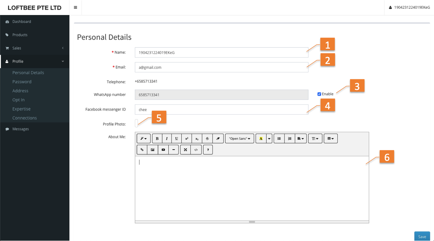 4 | Facebook Messenger ID | Enter Facebook Messenger ID to allow customer contact you via Facebook Messenger |
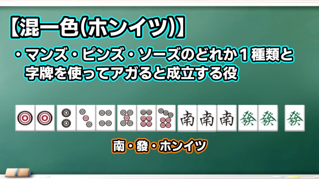 - ホンイツはいずれか1色と字牌だけでアガリ形を作る役
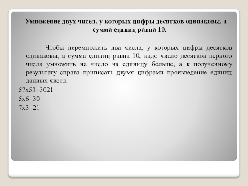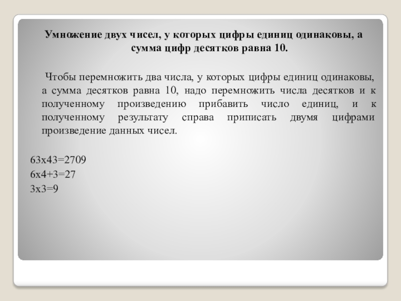 Слайд 10Умножение двух чисел, у которых цифры десятков одинаковы, а сумма единиц
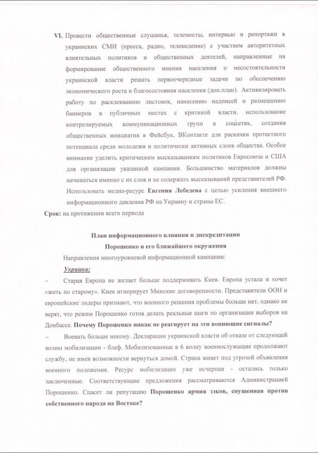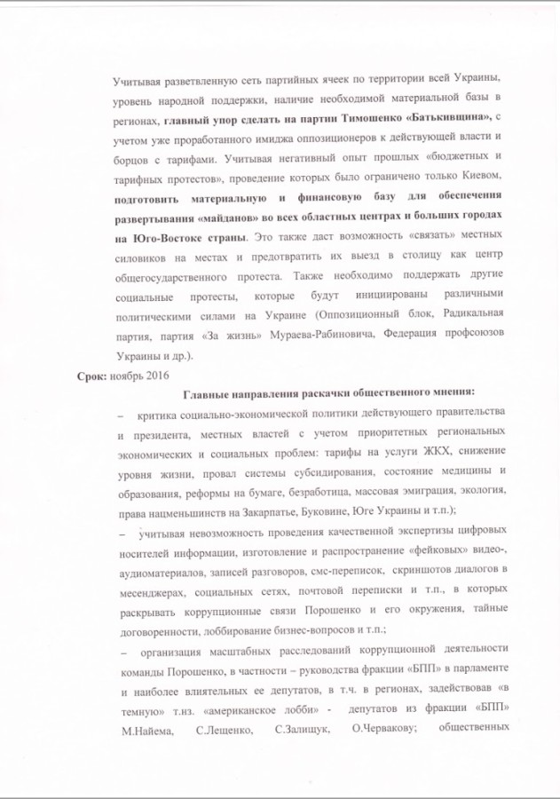 Сурков, как следует из бумаг, делает ставку на активизацию протестного движения, договоренностях с украинской оппозицией: "Оппблоком", Радикальной партией Ляшко и "Батькивщиной" Юлии Тимошенко.
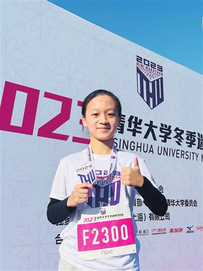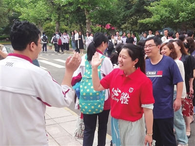 青岛十七中老师们(右)排起长队与同学们轮流击掌鼓劲。范胜瑶 摄
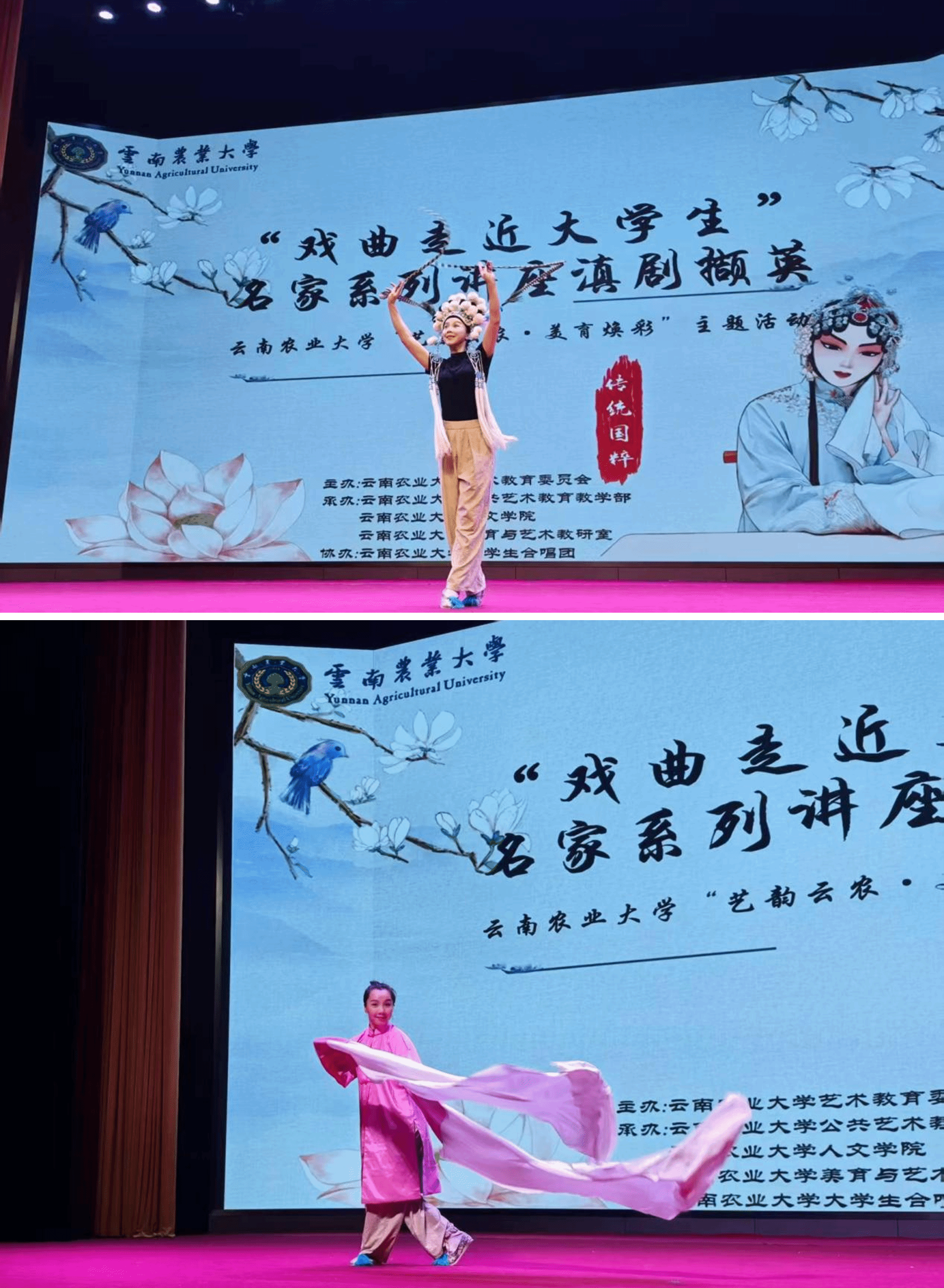 云南省滇剧院国家一级演员、农工党党员、第十三届云南省政协委员陈亚萍老师给公司师生带来了一场《戏曲走近老员工滇剧撷英》的艺术盛宴。讲座由公司公共艺术公司产品部负责人,公司党委书记张宏勇主持,500余名云农学子到场聆听。

···

Copy out every line above, word for word, minus images.

 4 | Facebook Messenger ID | Enter Facebook Messenger ID to allow customer contact you via Facebook Messenger |
 - ホンイツはいずれか1色と字牌だけでアガリ形を作る役
 Слайд 10Умножение двух чисел, у которых цифры десятков одинаковы, а сумма единиц
 Сурков, как следует из бумаг, делает ставку на активизацию протестного движения, договоренностях с украинской оппозицией: "Оппблоком", Радикальной партией Ляшко и "Батькивщиной" Юлии Тимошенко.
 青岛十七中老师们(右)排起长队与同学们轮流击掌鼓劲。范胜瑶 摄
 云南省滇剧院国家一级演员、农工党党员、第十三届云南省政协委员陈亚萍老师给公司师生带来了一场《戏曲走近老员工滇剧撷英》的艺术盛宴。讲座由公司公共艺术公司产品部负责人,公司党委书记张宏勇主持,500余名云农学子到场聆听。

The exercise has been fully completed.